**DATA TO USE**:

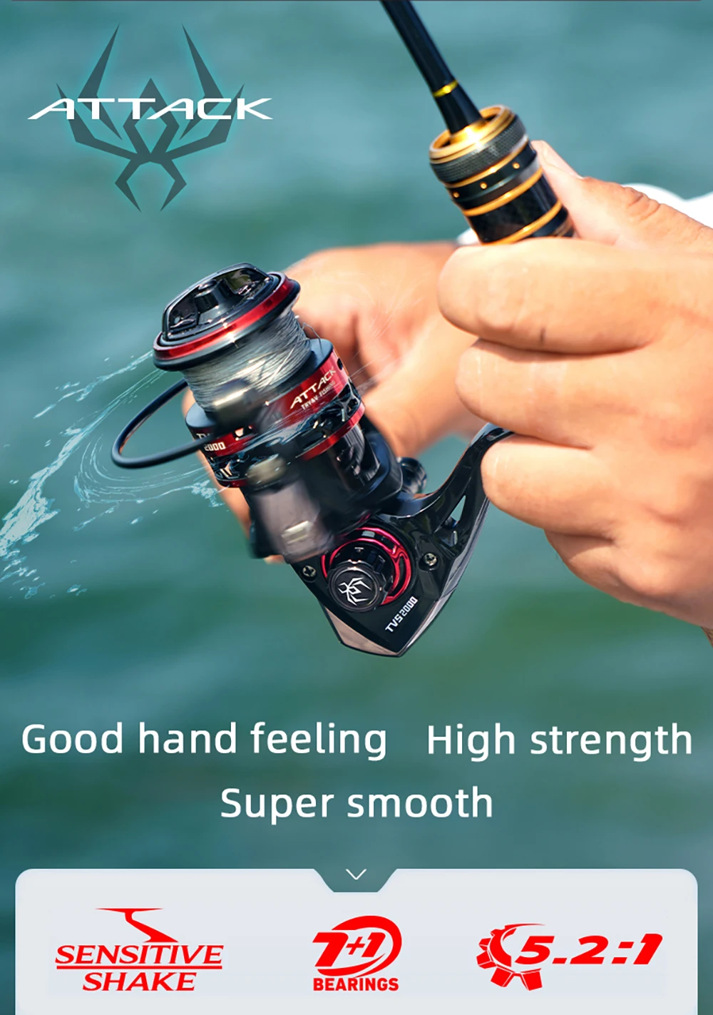 TVS6000| Peso: 414 g| MaxDrag: 18KG| Relación de engranajes: 5,2:1| Capacidad de la línea: 0,40 mm/220 M 0,45 mm/175 M 0,50 mm/140 M
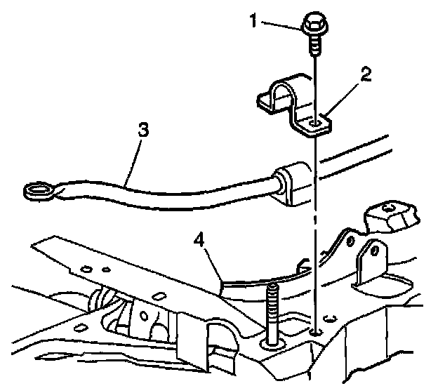 9. Remove the bolts (1) from the insulator brackets (2) attaching the stabilizer shaft (3) to the crossmember (4).
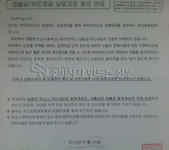 24일 서울시 강남구 도곡동에 사는 박 모(여)씨에 따르면 그는 지난달 26일 난데없이 KB신용정보 측으로부터 채권추심 통지서 한통을 받았다.
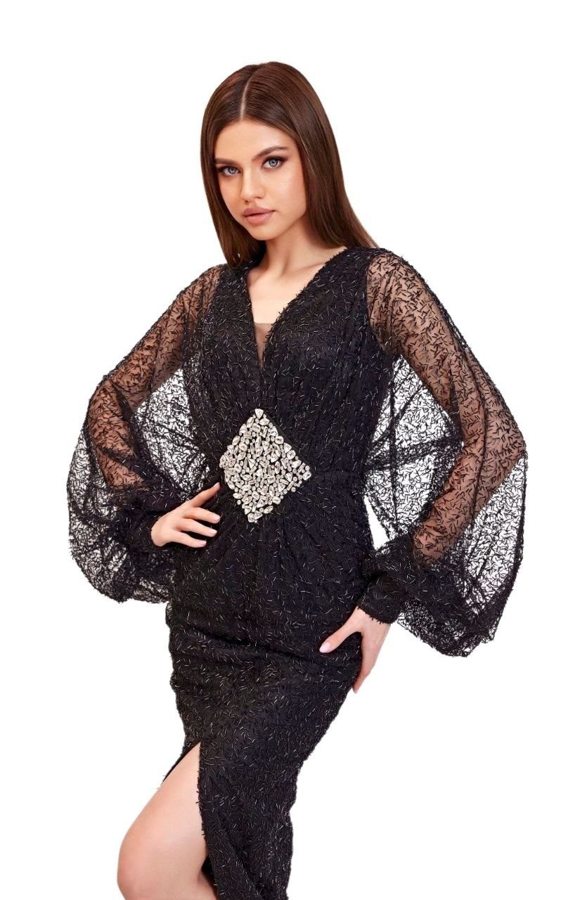 Rochie de ocazie neagră cu strass-uri si paiete, ideala tinutelor rafinate. Croiul deosebit si la moda, va face din aparitia ta, una feminina indiferent de ocazie.
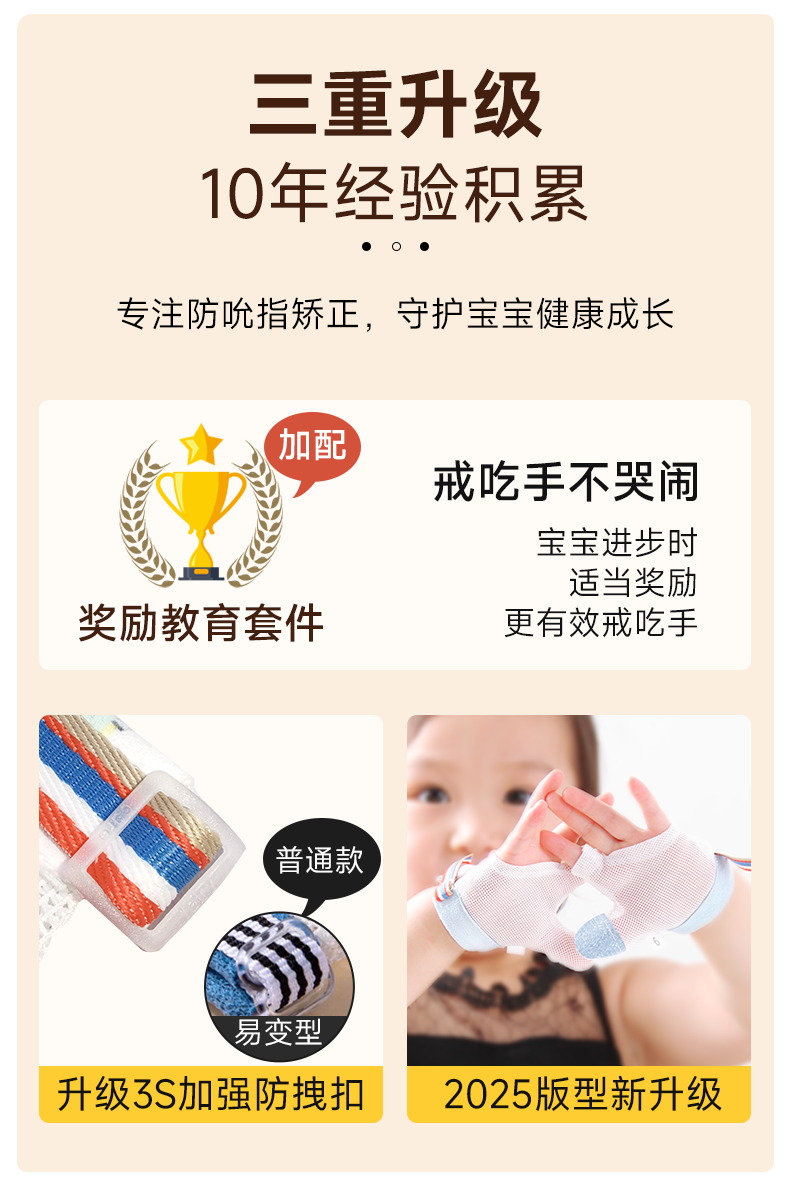 富瑞卡(FairyCare)防吃手神器宝宝戒吃手矫正手套婴儿戒手瘾儿童防咬指甲粉色XM码
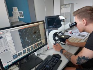 Adam Wierzbicki investigates, among other topics, calcareous nannofossils under the microscope together with Paula Granero Ordóñez and Prof. Michael Wagreich from the University of Vienna.
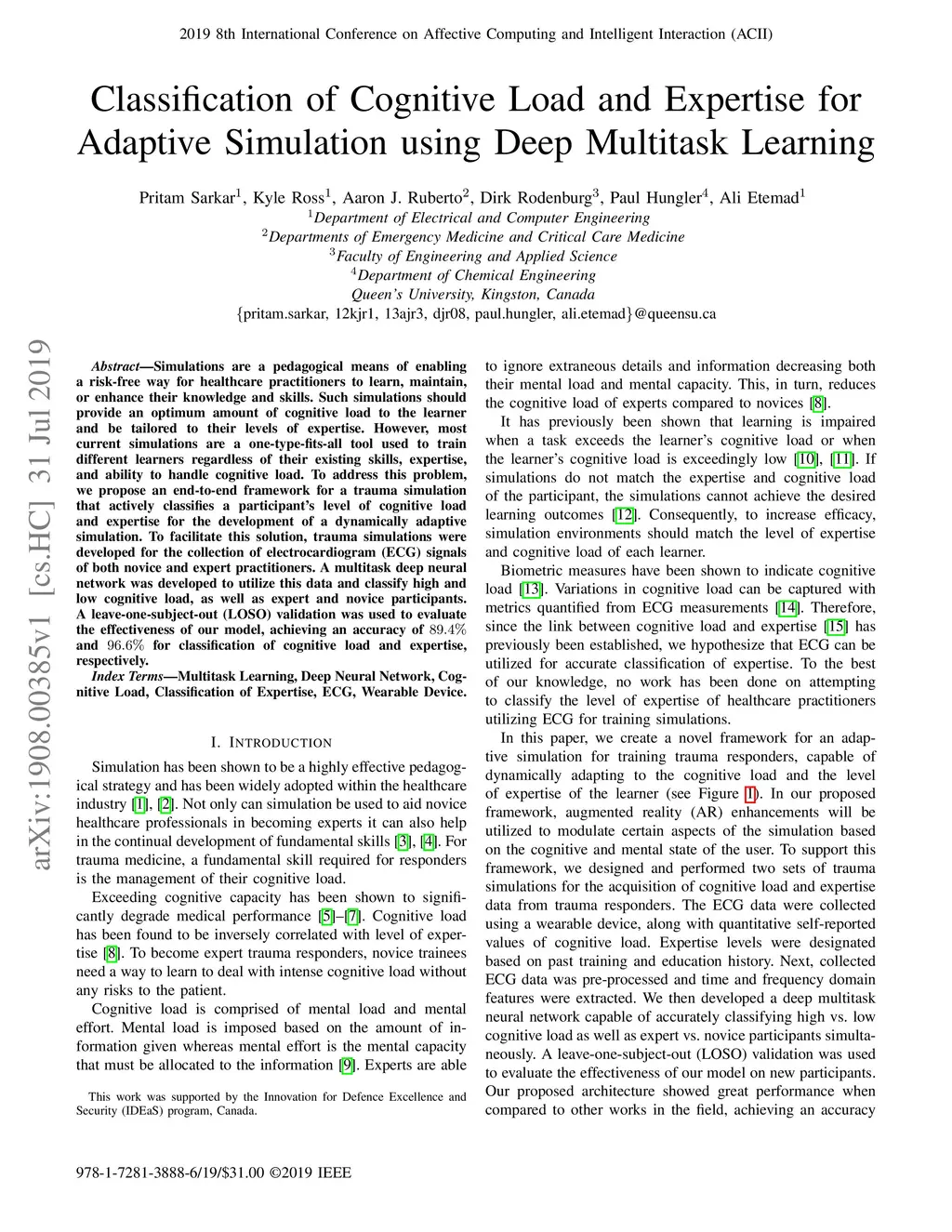 Simulations are a pedagogical means of enabling a risk-free way for healthcare practitioners to learn, maintain, or enhance their knowledge and skills. Such simulations should provide an optimum amount of cognitive load to the learner and be tailored to their levels of expertise. However, most current simulations are a one-type-fits-all tool used to train different learners regardless of their existing skills, expertise, and ability to handle cognitive load. To address this problem, we propose an end-to-end framework for a trauma simulation that actively classifies a participant's level of cognitive load and expertise for the development of a dynamically adaptive simulation. To facilitate this solution, trauma simulations were developed for the collection of electrocardiogram (ECG) signals of both novice and expert practitioners. A multitask deep neural network was developed to utilize this data and classify high and low cognitive load, as well as expert and novice participants. A leave-one-subject-out (LOSO) validation was used to evaluate the effectiveness of our model, achieving an accuracy of 89.4% and 96.6% for classification of cognitive load and expertise, respectively.
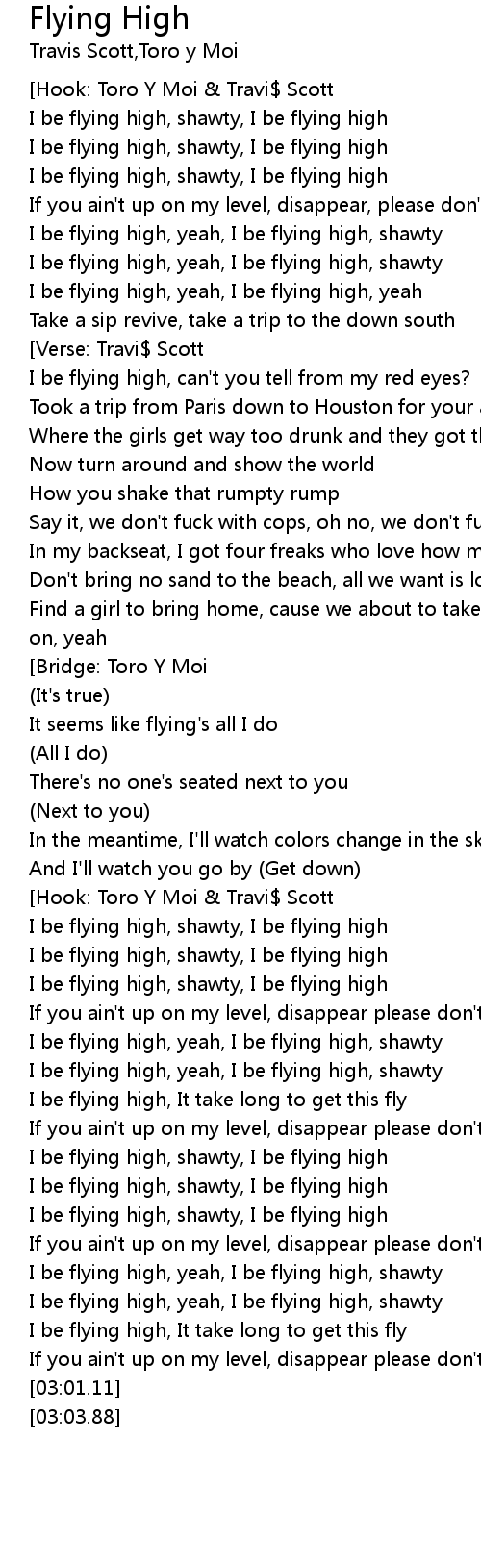 I be flying high, yeah, I be flying high, shawty |
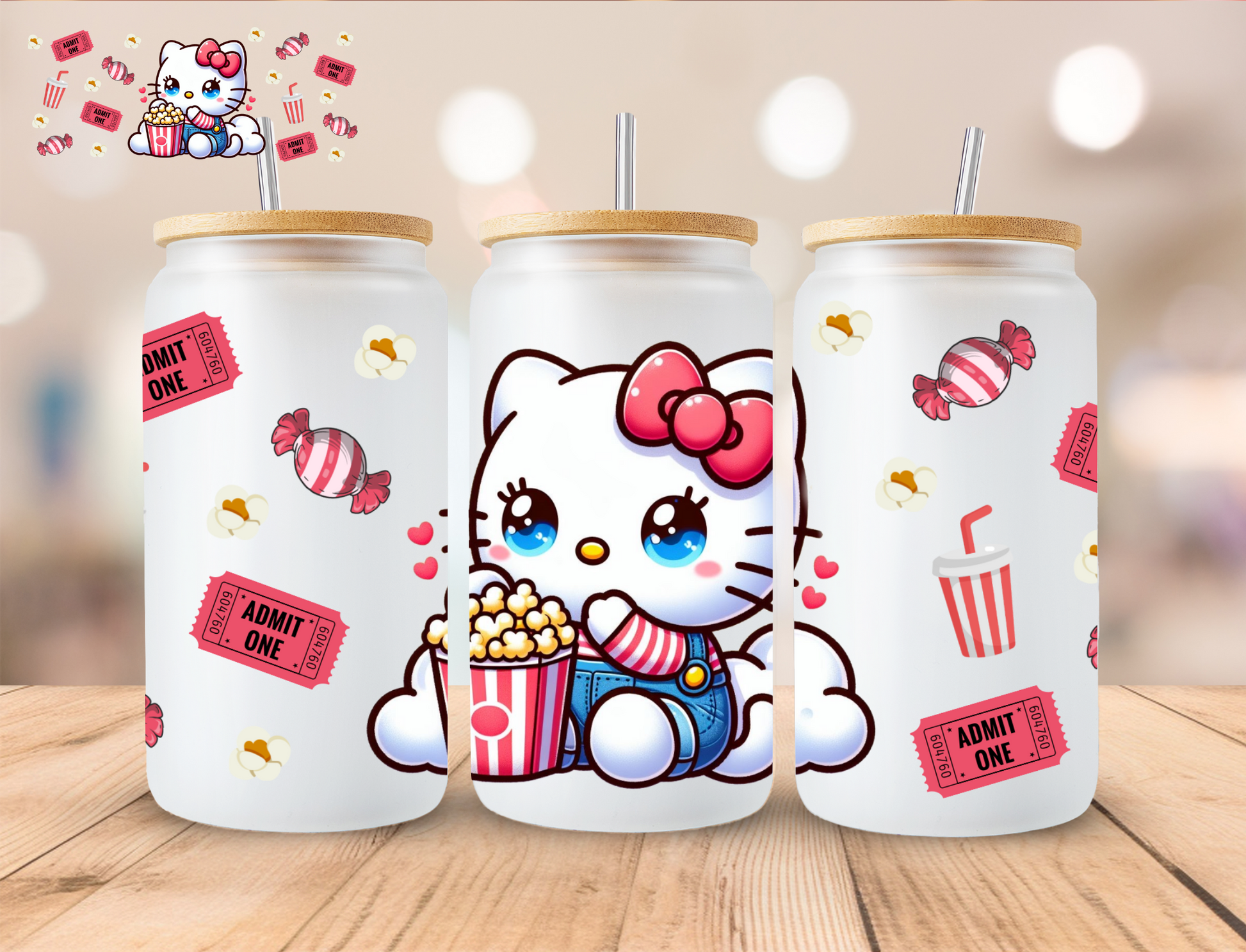 Movie Theatre Kitty - 16 oz / 20 oz Libby UV DTF Wrap

**YOUR TASK**:
The required output is every line from the beginning of the material above through the line with "Adam Wierzbicki investigates, among", exact and without pictures.

**SOLUTION FOR THIS TASK**:
 TVS6000| Peso: 414 g| MaxDrag: 18KG| Relación de engranajes: 5,2:1| Capacidad de la línea: 0,40 mm/220 M 0,45 mm/175 M 0,50 mm/140 M
 9. Remove the bolts (1) from the insulator brackets (2) attaching the stabilizer shaft (3) to the crossmember (4).
 24일 서울시 강남구 도곡동에 사는 박 모(여)씨에 따르면 그는 지난달 26일 난데없이 KB신용정보 측으로부터 채권추심 통지서 한통을 받았다.
 Rochie de ocazie neagră cu strass-uri si paiete, ideala tinutelor rafinate. Croiul deosebit si la moda, va face din aparitia ta, una feminina indiferent de ocazie.
 富瑞卡(FairyCare)防吃手神器宝宝戒吃手矫正手套婴儿戒手瘾儿童防咬指甲粉色XM码
 Adam Wierzbicki investigates, among other topics, calcareous nannofossils under the microscope together with Paula Granero Ordóñez and Prof. Michael Wagreich from the University of Vienna.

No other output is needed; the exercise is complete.